Approaches to the perioperative management for liver transplantation have been adapted over time. Early experience with liver transplantation focused on the management of coagulopathy and involved extraordinary utilization of blood component therapy [1, 2]. Despite advances in anesthesia and surgical techniques manifesting in lower overall transfusion requirements [3, 4], bleeding is still the most frequent serious early complication following liver transplantation, occurring in approximately 20% of patients [5]. Coagulopathy management thus remains a major concern during orthotopic liver transplantation. Several recent and historic studies clearly demonstrate an association between intraoperative blood transfusion and mortality [69]. Interestingly, much variability exists between institutions with regard to coagulopathy management suggesting the need for more evidence to guide practice [2, 10, 11].

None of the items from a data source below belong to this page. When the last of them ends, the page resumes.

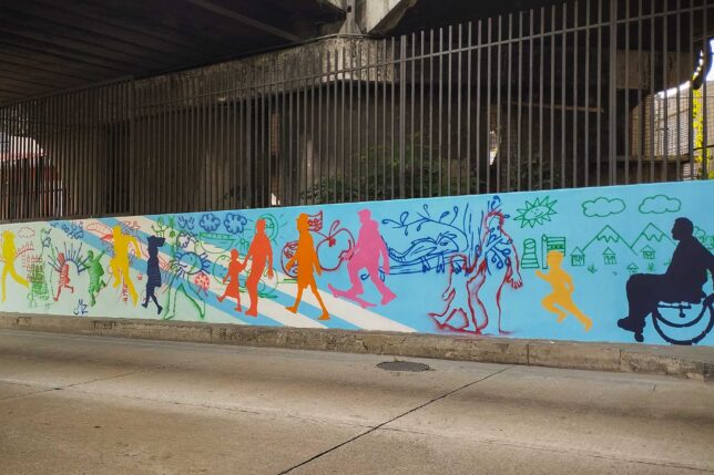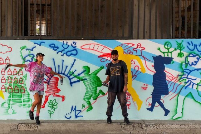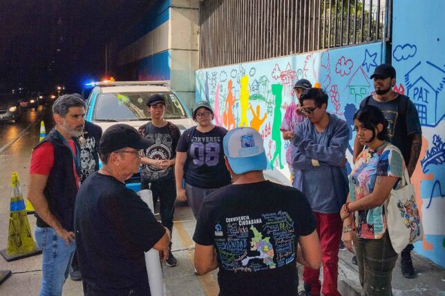 Convocado por el docente Serrano para participar en la intervención del mural, William Mena, estudiante de la Escuela de Artes Visuales que lidera el Club de Arte Urbano y Muralismo conformado en la UArtes, celebró que los mismos habitantes del sector hayan aportado al diseño de la obra. Es importante, dijo, que expresen qué y cómo quieren ver su entorno.
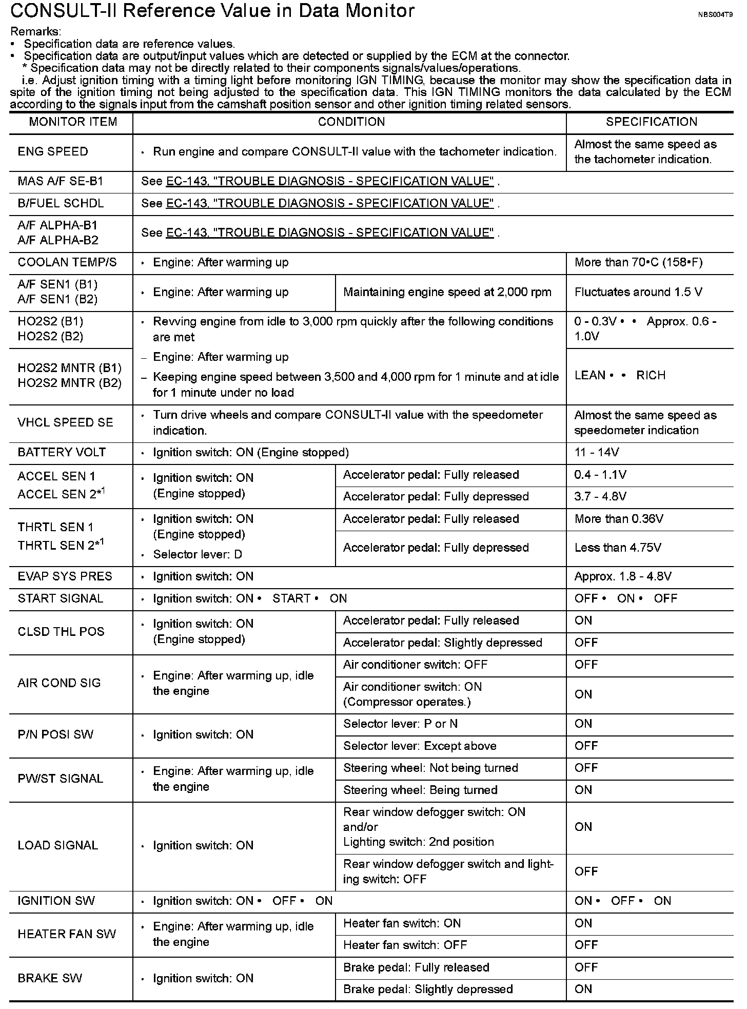 CONSULT-II Reference Value In Data Monitor
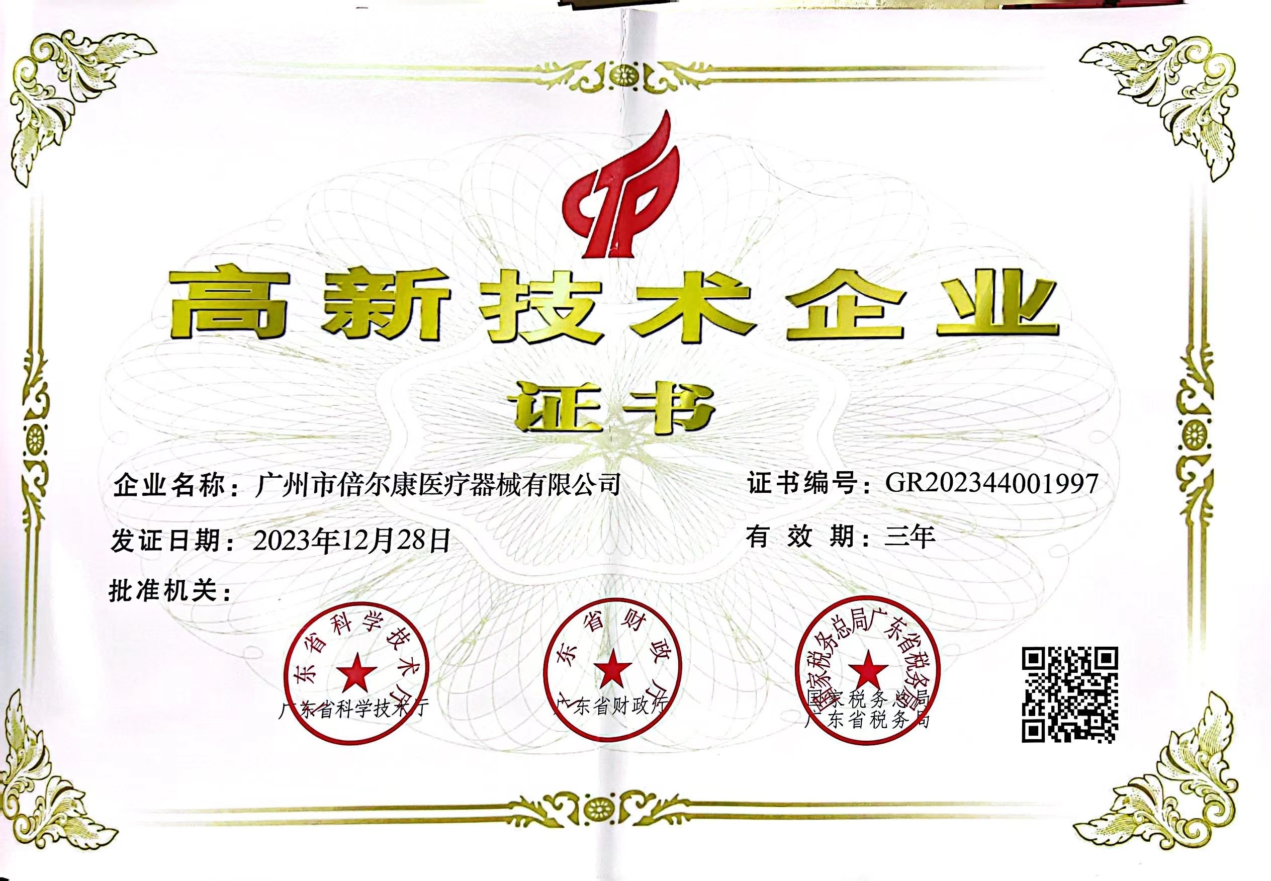 高新技術(shù)企業(yè)證書
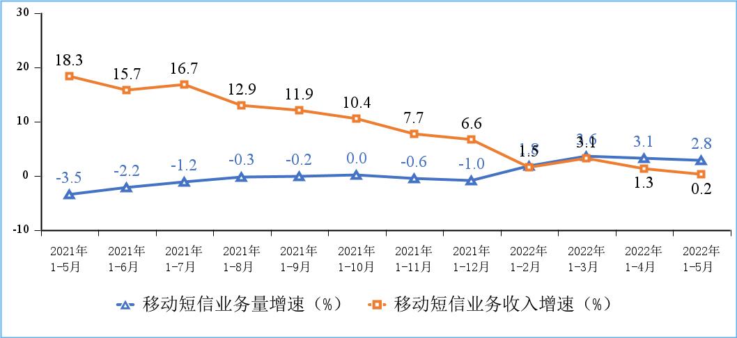 今年前5个月,移动电话去话通话时长完成9278亿分钟,同比增长0.8%;固定电话主叫通话时长完成337.1亿分钟,同比下降13%。1-5月份,全国移动短信业务量同比增长2.8%;移动短信业务收入同比增长0.2%,增速较1-4月份分别回落0.3个和1.1个百分点。
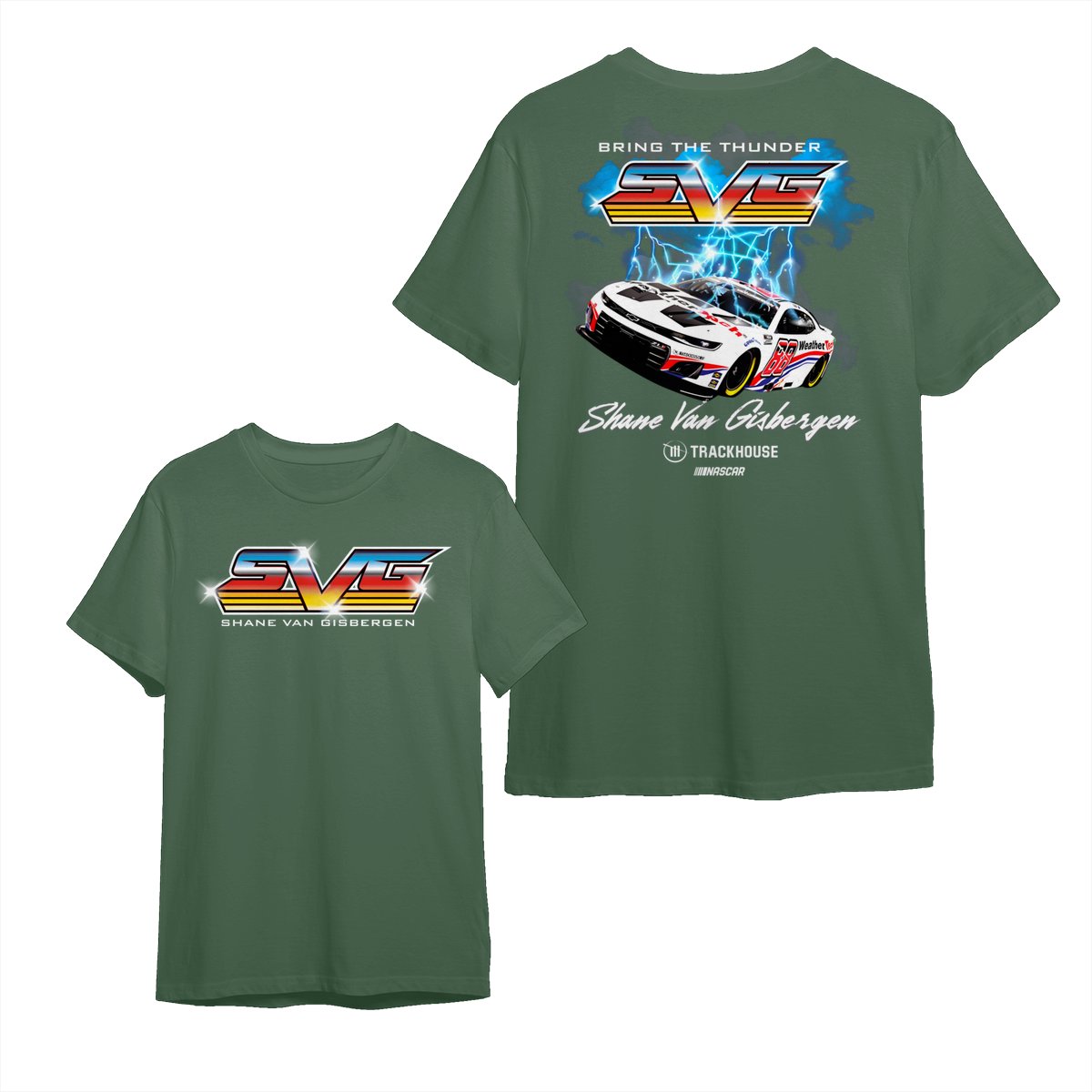 Men’s Shane van Gisbergen Trackhouse Racing T-Shirt, Black Tee with Bold Car Graphic, Soft Cotton, Perfect for NASCAR and Motorsport Fans
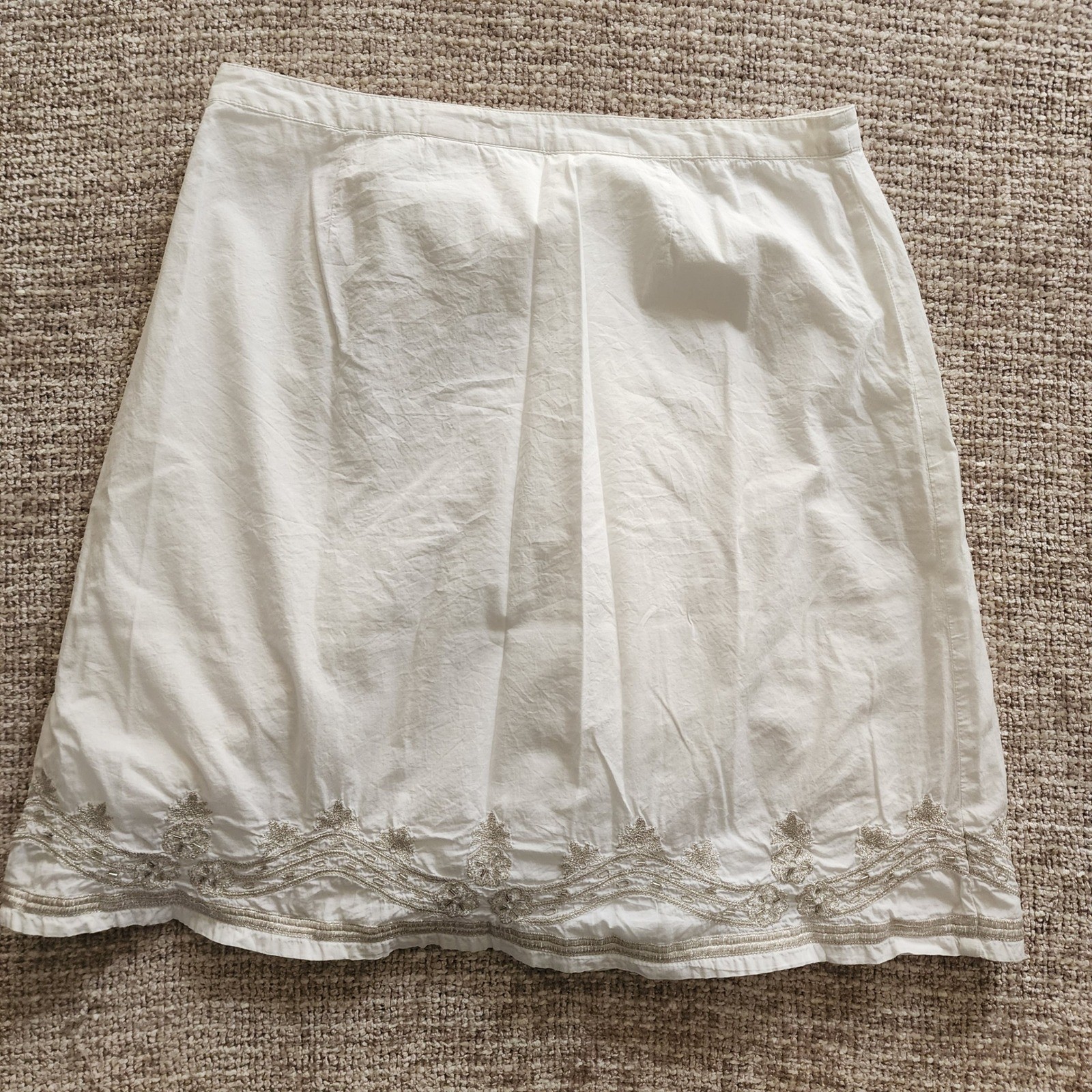 как выглядит vintage boho, fairy White Cotton Skirt, Silver Embroidery and Beadwork фото
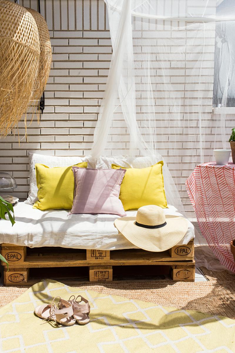 También tenemos un par de proyectos de decoración que hicimos para espacios exteriores y que podéis consultar en nuestro portfolio. El primero, lo hicimos en casa de María Pazos. Su terraza estaba vacía y en una sola mañana conseguimos montar este pequeño oasis (importante, pensar muy bien en el suelo, que en las terrazas suele ser sucio y «duro»; no subestiméis el valor de las alfombras de exterior para caminar descalzas, sentaros o tumbaros al sol). El otro fue en el exterior de una finca. Una pequeña zona de descanso y tertulia en un jardín árido y soleado.
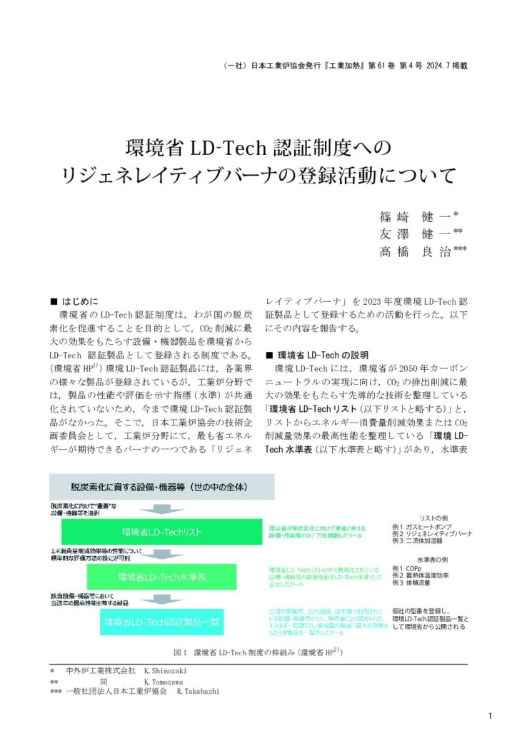 「環境省 LD-Tech 認証制度へのリジェネレイティブバーナの登録活動について」(2024.07)
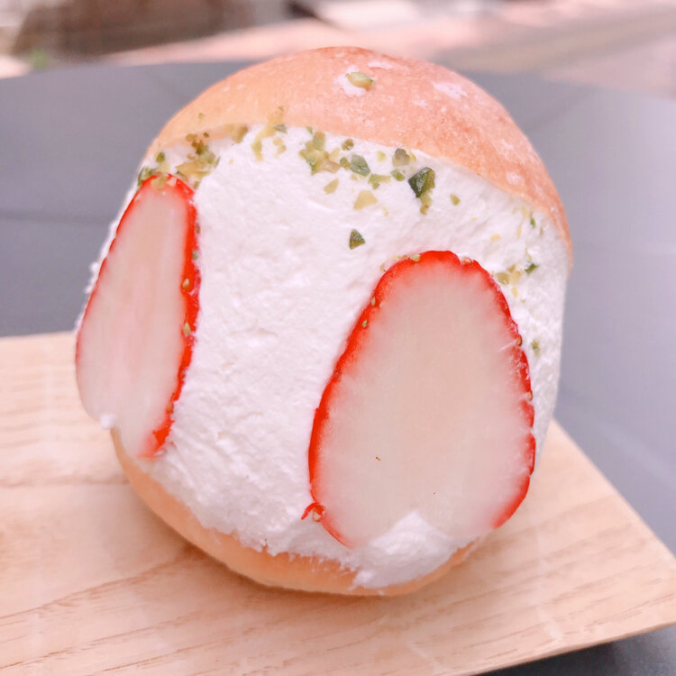 『こむぎさんちのパン』のブリオッシュに生クリームたっぷりといちごが挟まれています。
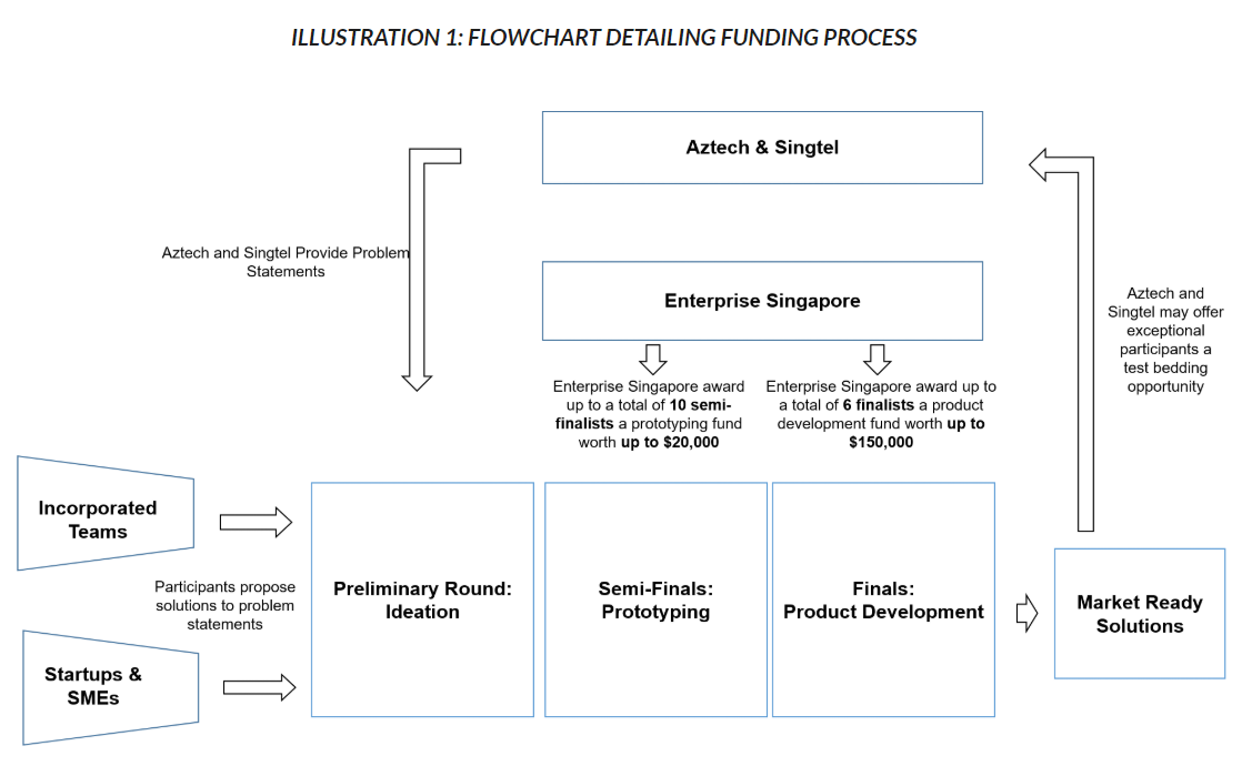 At the end of the qualifying round, up to 10 semi-finalists (startups, SMEs, or newly incorporated teams) will be selected. Aztech and Singtel, can select up to 5 semi-finalists each. Semi-finalists will receive up to S$20,000 (Twenty Thousand Singapore Dollars) of funding (“Prototype Fund”) for the development of a prototype. Semi-finalists may also receive assistance and support from Aztech or Singtel as they develop their prototype.

Postoperative bleeding can be life-threatening and requires reoperation in 10–15% of patients [5, 12] for hemorrhage control and/or hematoma evacuation. Reoperation for bleeding contributes to the overall mortality [13] and financial burden [14, 15] of liver transplantation. Many studies have attempted to identify risk factors associated with reoperation following liver transplantation; both donor and recipient variables have been reported [16, 17]. Previous research has identified that intraoperative estimated blood loss [18], increased intraoperative packed red blood cell (pRBC) transfusion [12, 18, 19], and total number of intraoperative blood products transfused are associated with reoperation following liver transplantation. In addition to massive transfusion, the UCLA group [20] found that recipient intraoperative vasopressor utilization, use of extended criteria donors, and recipient intraoperative glucose variability were also associated with reoperation for bleeding following liver transplantation. The problem with these sets of data is that they do little to help to predict, either before or during liver transplantation, the patients who are at increased risk for posttransplant bleeding. Identifying patients at increased risk of bleeding is important so a more aggressive approach to intraoperative coagulopathy management can be utilized. Furthermore, other than aggressive intraoperative glucose management, these studies did not identify modifiable risk factors associated with increased incidence of reoperation for bleeding.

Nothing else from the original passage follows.